1人が本棚に入れています
本棚に追加
今僕の目の前にはたまごがある。いや実際には違うのだけれど、その姿はたまごにしか見えない。人が丁度一人入る大きいたまご。
どうしてこんな事になっているのか、それは数分前に遡る。
「田中!一緒に帰ろ!」
そう言って僕に近づいてきたのは隣のクラスの中村。いつも明るく元気、という典型的な説明がしっくりくる人間だ。僕らは去年同じクラスで、二人とも名字に「中」がつくというしょうもない理由でつるむようになった。
「ごめん、今日も無理」
僕はその中村の誘いをばっさりと断る。
「どうしてだよ」
「今週は用事があって忙しいんだって」
不服そうな中村を見て申し訳ないとは思う。
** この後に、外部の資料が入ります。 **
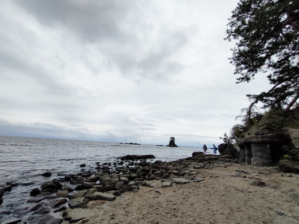 降りてから海沿いを走り、雨晴海岸へ。ここは義経が隠れた岩場とか。
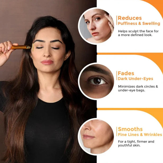 Introducing the 24K GoldGlow™ Vibrating Face Massager Kit — the sleek, powerful beauty tool that refreshes your skin fast. This handheld massager brings professional-feel treatments into your daily routine, delivering visible lift and glow in minutes.
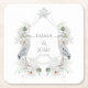 Blue Heron Waterfowl White Blommigt Etheral Bröllo Underlägg Papper Kvadrat
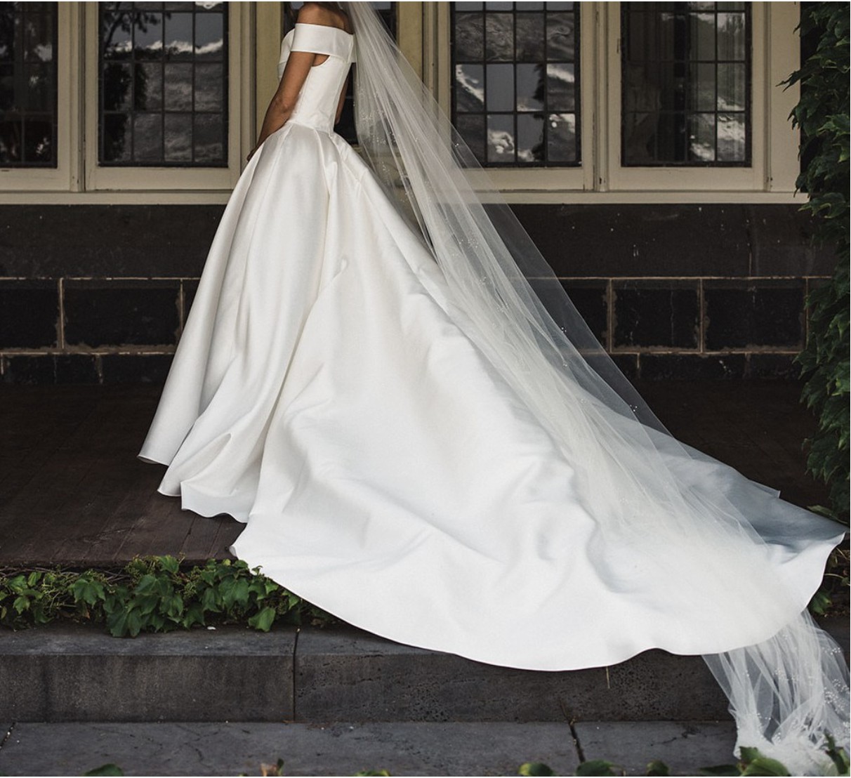 Timeless Elie Saab dress in perfect condition! The dress was worn for the ceremony only, and is cleaned and ready to give someone else their perfect day. A classic silhouette and stunning train make this dress truely beautiful in person and in photos.
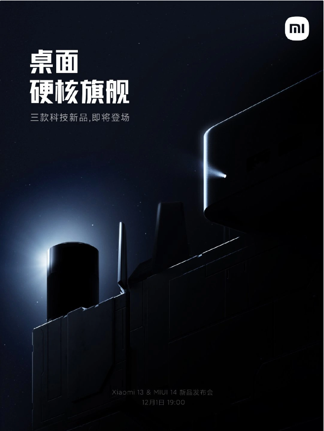 11 月 28 日消息,小米官方今日宣布,小米 13 系列 & MIUI 14 新品发布会正式定档 12 月 1 日(周四)晚七点。这次除了小米 13 系列、小米 Buds 4 半入耳旗舰降噪耳机、小米智能手表 S2 之外,还有 3 款 IOT 桌面新品:
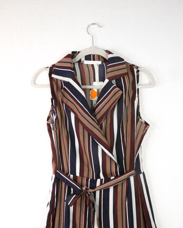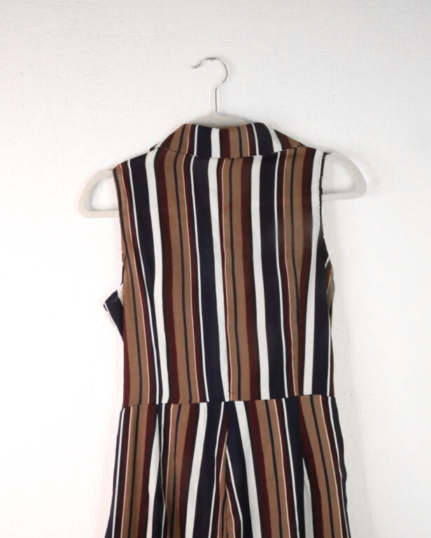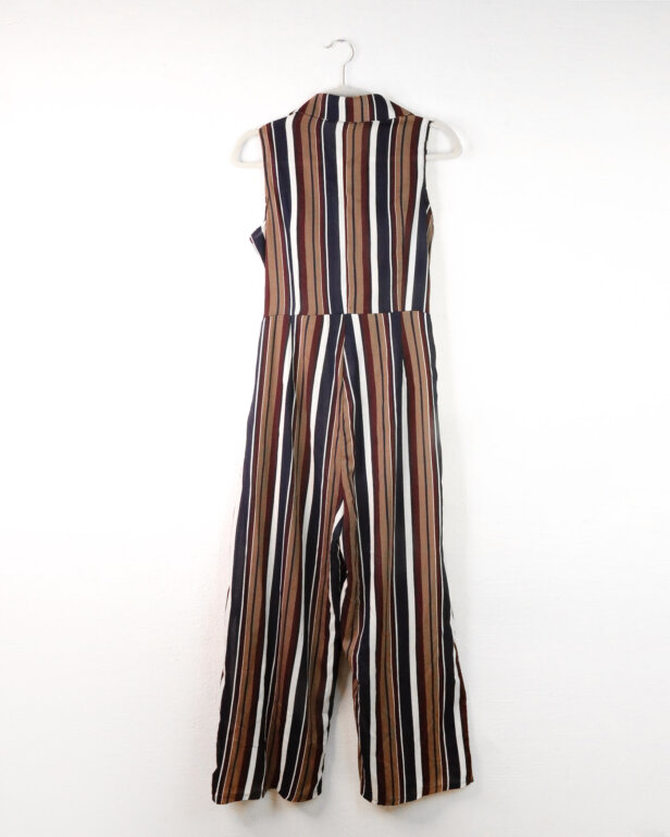 Hermoso palazzo a rayas sin mangas, hace una silueta super linda, tiene cierre lateral y cinturón cocido para ajustar bien la cintura, la pierna es recta y la tela es muy fresquita.
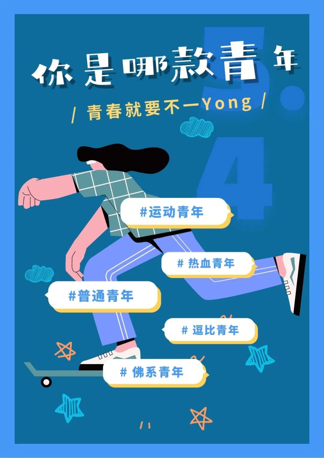 今天展播新媒体海报设计佳作奖艺术设计学院视觉传达设计专业刘沙的作品:《你是哪款青年》

でも今の僕にとっては用事の方が大事だ。そこで軽く手を降って帰ろうとしたのだが、
「やっぱり俺ってウザい?」
中村は突然変な事を言い出した。そしてグッと唇を結んでうつむいてしまう。僕が動揺して顔を覗き込むと、中村は泣きそうな顔をしていた。
「え、どうした!?」
今までこんな中村を見たことが無かった。だから僕はものすごく慌てた。
「ごめん、え?ごめん!」
反射的にとにかく謝る僕を、中村は一瞬ちらりと見上げた。
と、その次の瞬間。彼はおもむろに鞄から何かを取り出した。その正体が大きな白い布だと僕が認識したときには、彼はその白い布で自分自身を覆っていた。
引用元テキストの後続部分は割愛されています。